Introduction to ESTARD Data Miner

Introduction to Data Mining

Step By Step Guide

Program Interface

Using Databases

Using Rules & Decision Trees

BI Functions

Reporting & Saving 
 Home page

Working with Classes


  1. What is a Class?
    A class is a unique value from the analyzed column. For example, if some column is of logical type and it contains values "True" and "False" this means it contains two classes. |
  2. What field should be used as the "Class field"?

    The best way to receive valuable data from data mining is to analyze the field that contains key information in record. It can be of any type, but not the ID field. Besides, setting Text fields with high level of unique values will probably not return good results. For example, field "Customer name", containing names of the customers of a company, will probably contain lots of unique values. If you set this field as a Class field, you will receive Rules equal to records, which are the best descriptions of every customer. This doesn't apply to numeral fields, because there Classes are created manually, and you can create any number of classes.
     

  3. How do I create numeral classes?

    Creating a numeral class means creating intervals you want to analyze. To decide what intervals you want to analyze use controls at the  "Initial Query" page and "Query Forming" chart at "Statistics" page. Chart will help you to analyze how many values are met in equal intervals. Use "View Table" button to view values met in the table selected for analysis. You also can see minimum and maximum values met in the Class field above the input fields. The intervals you create should not intersect. For example, intervals "1..10" and "11..20" do not intersect, while "1..10" and "6..20" intersect.
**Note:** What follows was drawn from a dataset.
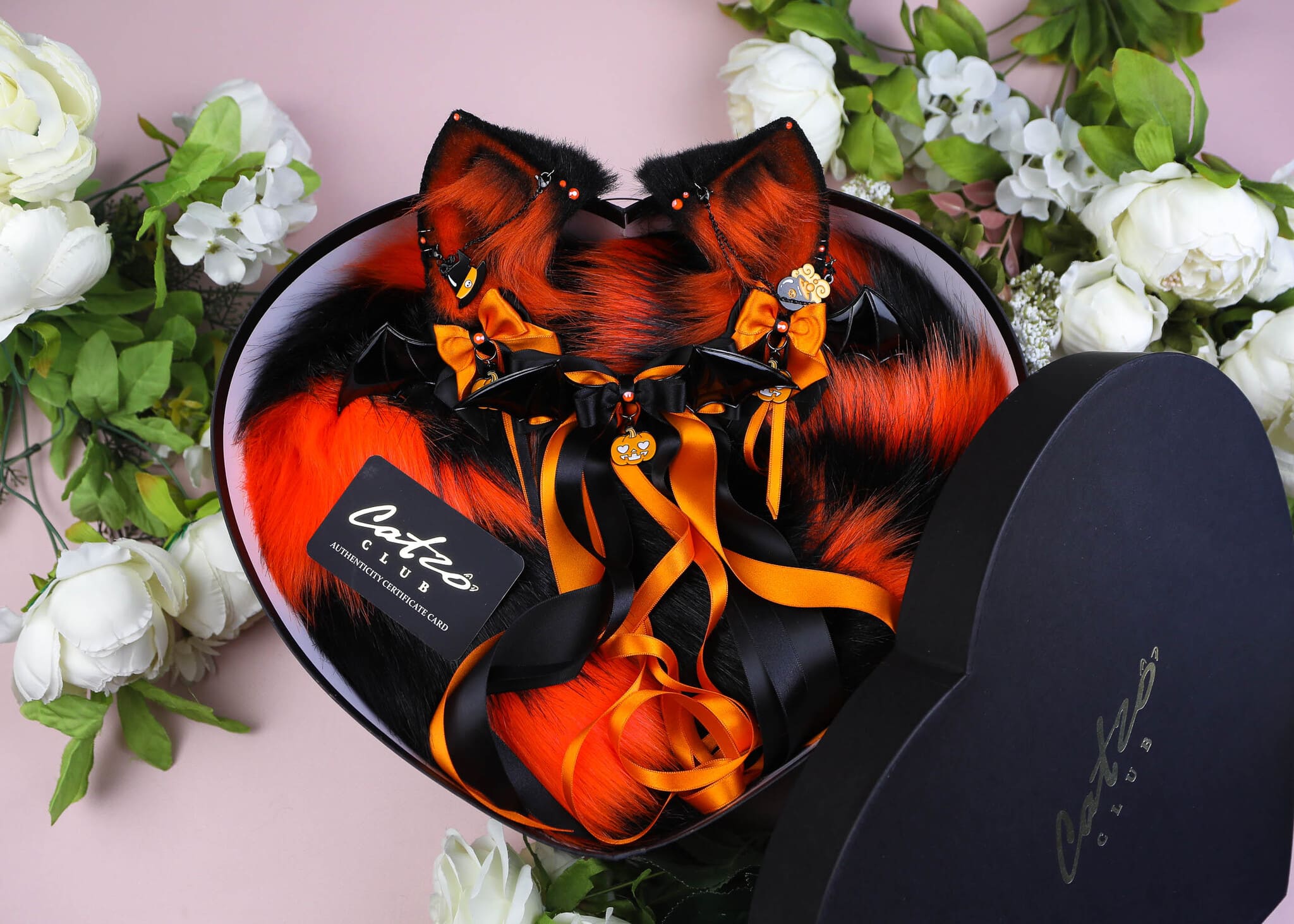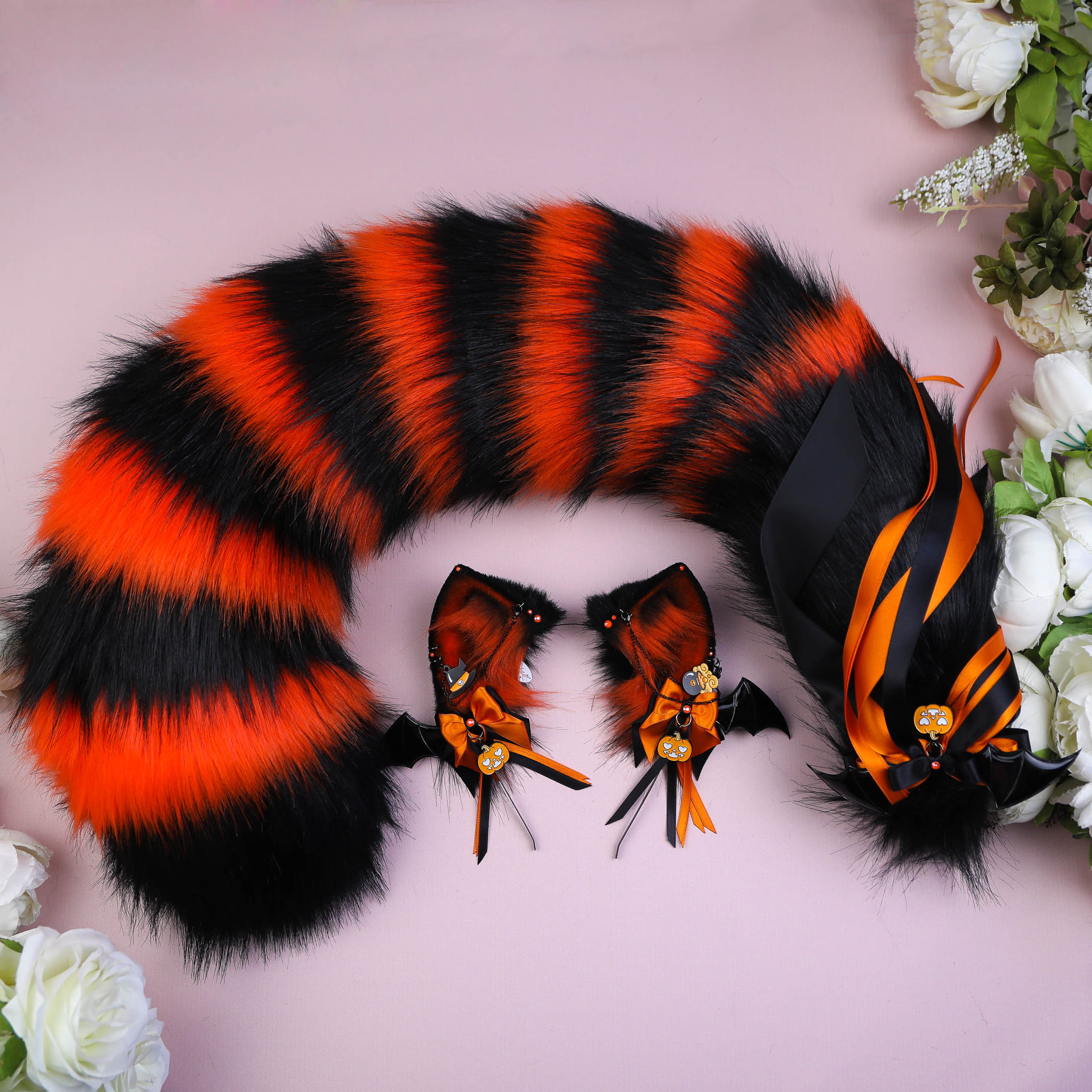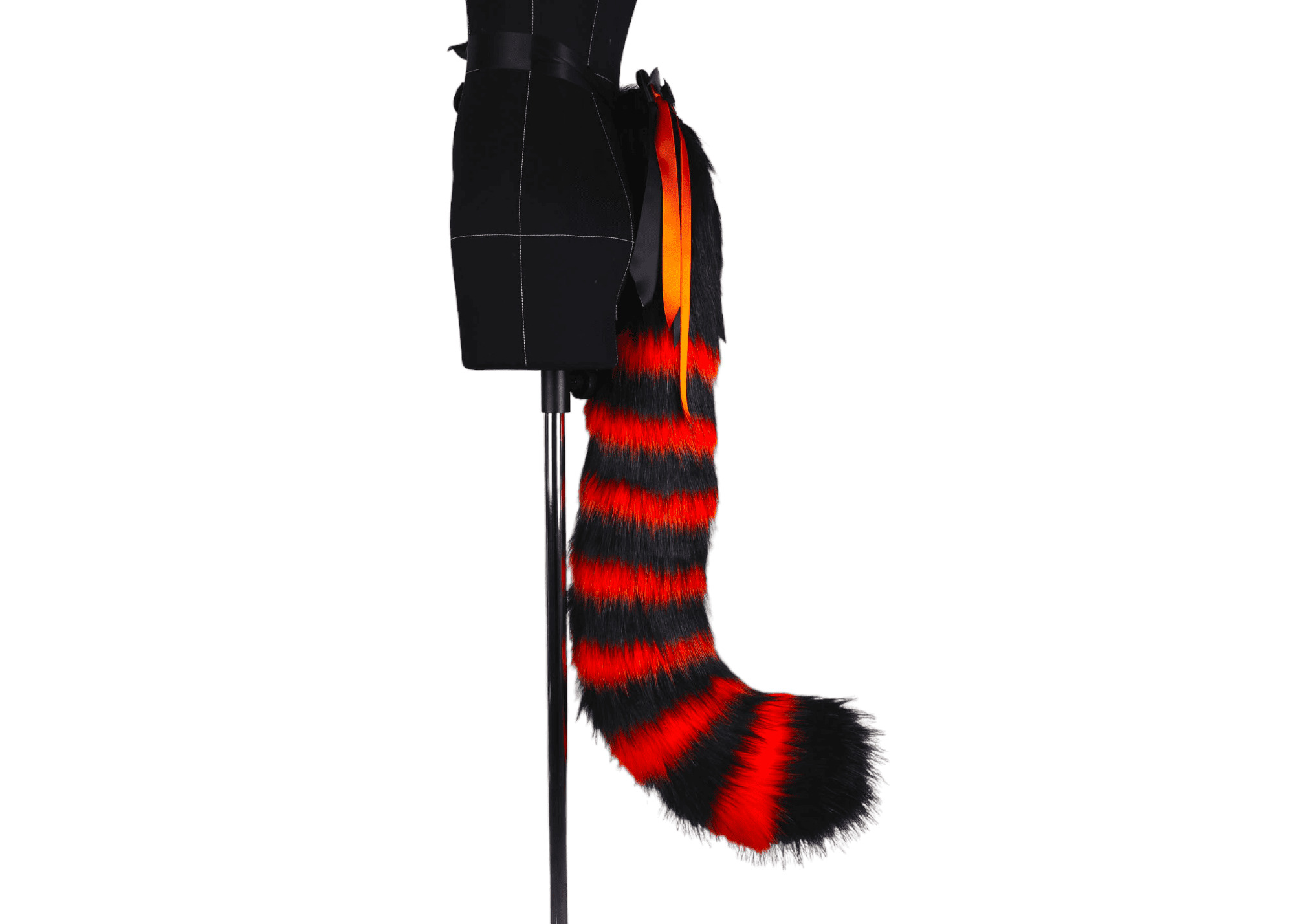 Black and orange kitten tail is approximately 35 inches long and made of top quality faux fur. Decorated with removable bat winged bow with a Catzo pumpkin enamel pendant. The tail is attaching by an elastic belt loop with a wide double-sided ribbon to go on the waist. Has a lobster clasp for attaching to clothes.
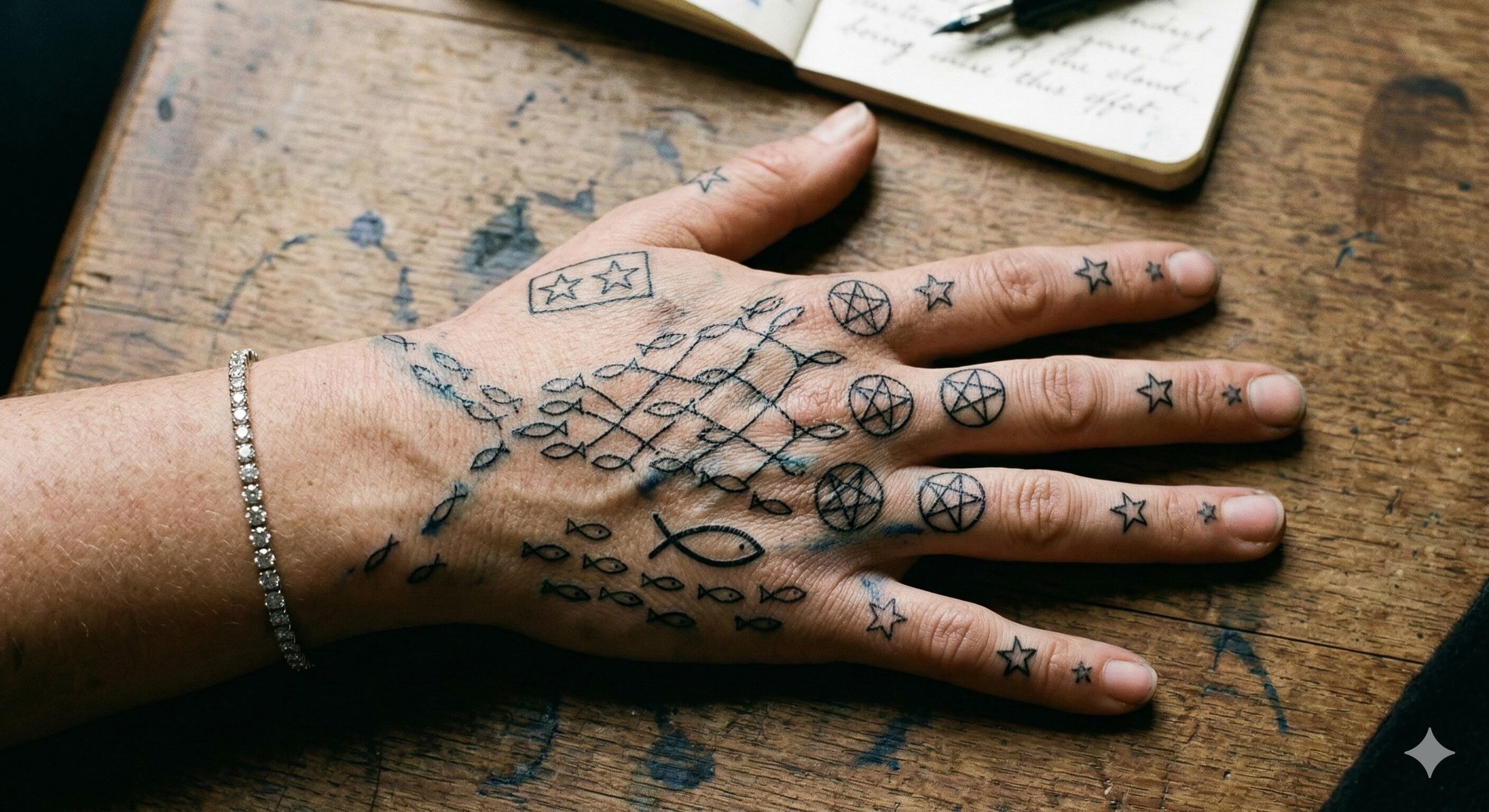 4重の枠と五芒星: 意識の変容が、皮膚という物理的な境界を超えて「紋章」として浮き上がった証拠です。

If you create intersecting intervals, you will be asked to change the inputted value.

  4. What number of classes is recommended for use for rules and decision trees creation?

    The more classes are detected in the analyzed column, the more precised results will be obtained during the statistics query. But their number shouldn't be too big, for example, several hundreds of classes used for rules creation will be analyzed much longer, than 20 classes. So the number of classes should be reasonable from the point of view of statistics and performance.

  5. Why all classes are analyzed when I select only one class for the Statistics Query?
    All classes have to be analyzed during the Statistics query, because EDM has to detect differences between them. After performing the statistics query you can select values you want to analyze further.
  6. Why EDM detects empty classes or values in statistics?
    For better results, it is good to use "clean" databases. Empty records are automatically detected in database, and though they are not filled, they are also been analyzed. To avoid this problem you can deselect empty values, if such are detected in analyzed column, before creating rules and decision trees.
  7. Why do I get too many classes?
    If you have too many classes, then probably you've used a text field as the Class field, because for numeric fields you will be asked to create classes by yourself and you can create as many classes as you wish. If you have too many classes in a text field, then you can split them into groups and analyze step by step. In case if this column contains numeric data, and is detected as a text column, it means this column contains some incorrect records, containing text instead of numbers.